15. In visual recognition, the need for binding is especially severe in those theories that call for explicit representation of object parts and their spatial relationships. According to these theories, the represented object is first taken apart by describing it in terms of generic primitives. This step later gives rise to the problem of putting the whole object together again.

16. An analogy between shape vision and language which draws a parallel between generic shape parts on the one hand and phonemes in the spoken language on the other has been suggested by Biederman in his theory known as Recognition By Components or RBC (Biederman, 1987; it should not be surprising that an implementation of the RBC theory relies heavily on binding; see Hummel and Biederman, 1992). One can also imagine here an analogy between shape parts and words in a sentence. When a complex shape is represented in terms of its parts, the parts must be bound together according to the proper spatial relationships, not unlike words in a sentence that must observe certain syntactic rules for the sentence to be well formed.

17. In contrast with Biederman's model, it has recently been claimed that the representation of visual shape requires no special binding mechanism over and above the coactivation of shape-specific feature detectors (Edelman, 1994). This claim is based on the idea (whose roots may be traced to Putnam, 1988) that the visual world is its own best representation, and, in particular, that the perceived space is a convenient substrate to which visible entities may be bound by virtue of the retinotopy of their representation in the brain.

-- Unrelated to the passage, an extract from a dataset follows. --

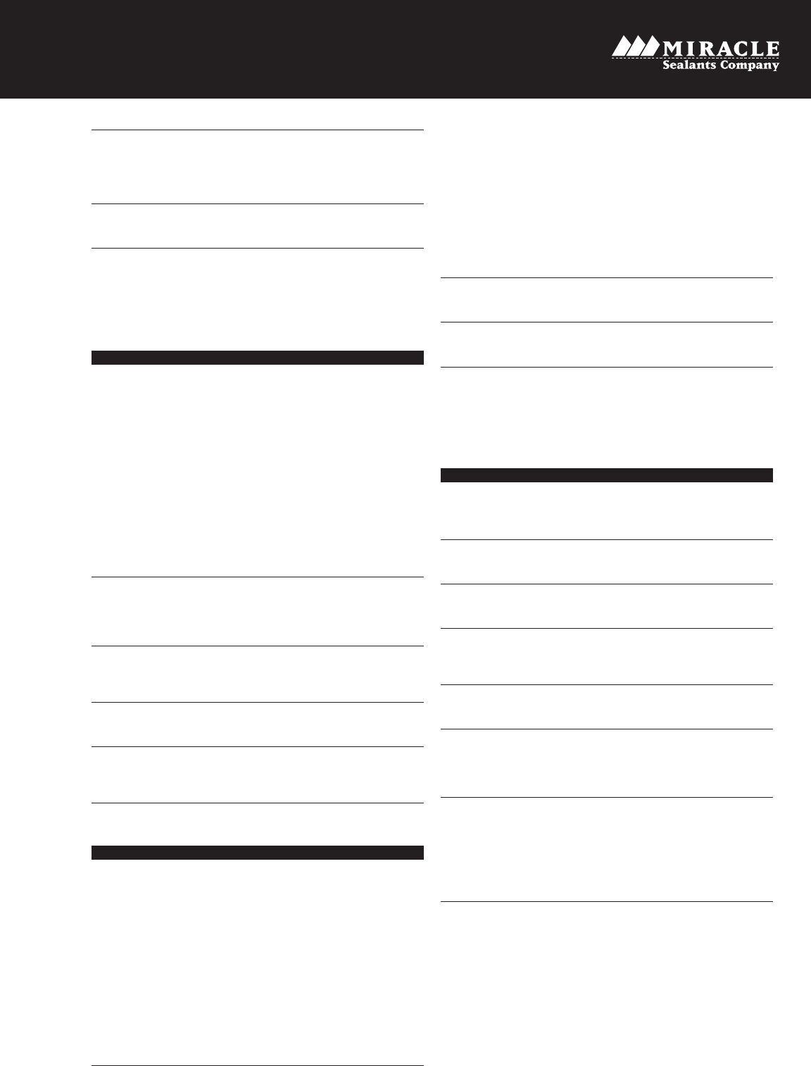 plete. In the event of failure, the only obligation of Miracle Sealants

18. Retinotopy may help solve the binding problem as follows: a detector that is selective for a complex shape will signal the presence of the shape parts only when these are correctly arranged, simply because the response of such a detector depends on a conjunction of responses of the individual, properly positioned part detectors. The combinatorial problems usually cited in connection with this approach are much milder than what they seem if channel coding (Snippe and Koenderink, 1992) is used instead of unit coding.

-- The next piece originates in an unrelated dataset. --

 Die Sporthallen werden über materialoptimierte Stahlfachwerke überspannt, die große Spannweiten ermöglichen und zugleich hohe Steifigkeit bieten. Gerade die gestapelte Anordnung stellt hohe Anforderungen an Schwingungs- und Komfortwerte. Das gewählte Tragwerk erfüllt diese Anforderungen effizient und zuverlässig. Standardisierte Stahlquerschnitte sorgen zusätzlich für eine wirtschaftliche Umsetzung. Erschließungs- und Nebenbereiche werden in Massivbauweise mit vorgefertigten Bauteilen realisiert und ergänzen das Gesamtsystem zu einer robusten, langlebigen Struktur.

19. In language processing, the need for binding may seem to be unavoidable: after all, sentences ARE strings of reusable generic entities (words) bound together in a certain temporal structure that obeys abstract rules of syntax. In view of this commonplace observation and of the difficulties in implementing binding in neural hardware, any indication that an analogue of retinotopy can help represent linguistic and discursive structure would be very welcome. The approach taken by Miikkulainen provides just such an indication: DISCERN does a kind of space-based binding, by transforming a temporally extended input (a sequence of sentences, each of which, in turn, is a grammatical sequence of words) into a spatially extended inner representation in which the entire temporal structure is represented as a timeless "snapshot". Conceptually, this approach is like the recognition of a temporal entity such as horse gait through a consideration of the shape of the world line of the animal in four-dimensional spacetime.

IV. GENERALIZATION

20. The concept of representation SPACE is used in DISCERN in more than one literal way. Whereas trading off time for space lets DISCERN bind a sequence of tokens together, storing instances of structures in a spatially organized map allows the system to bind a value (such as the name of an agent) to a slot (such as the role performed by the agent in the script). As noted in the book, this capability is not completely general, in that the slot itself can only be an instance of a number of predefined slot types, determined by the system's prior experience (i.e., by the stories to which it has been previously exposed).

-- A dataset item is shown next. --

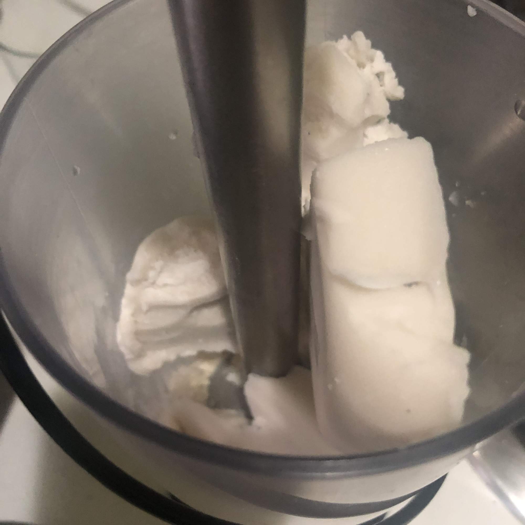 Tritura los anacardos junto con la esencia de vainilla. Añade la crema de coco y tritura todo bien hasta conseguir una textura suave. Vuelve a verter la mezcla en el recipiente de metal y reposa en el frigo durante unas 3 horas para que coja consistencia.

21. Although this is considered to be a limitation of the system, it is not altogether clear whether full-scale language processing does require an unlimited capability of constructing abstract structures through binding (see the discussion in Henderson and Marcus, 1994). Moreover, simple experiments with the perception of visual shapes made up from unusual components indicate that the same limited but useful binding "trick" used by DISCERN may be related to basic perceptual principles. Specifically, people are able to perceive familiar shapes in visual patterns even when these are built of components that are neutral in that they do not really belong to the whole (as in the hammer and sickle formed by athlete bodies in a revolution anniversary parade in a Communist country), or parts that are downright bizarre (as in the painting "The Four Seasons" by Giuseppe Arcimboldo, showing four human heads composed of fruits, vegetables, tree trunks, etc.; NOTE #2).

22. The perception of a coherent whole in a collection of parts which do not naturally belong together is presumably possible because of the perceiver's prior familiarity with the entire shape, and because the parts do resemble, at some level, the constituents of the true whole, as it is represented in memory. This assumption is supported by considering a blurred version of, say, one of the portraits by Arcimboldo: in such an image, the face-like quality of the whole persists, although the details (fruits, tree trunks, etc) become unrecognizable.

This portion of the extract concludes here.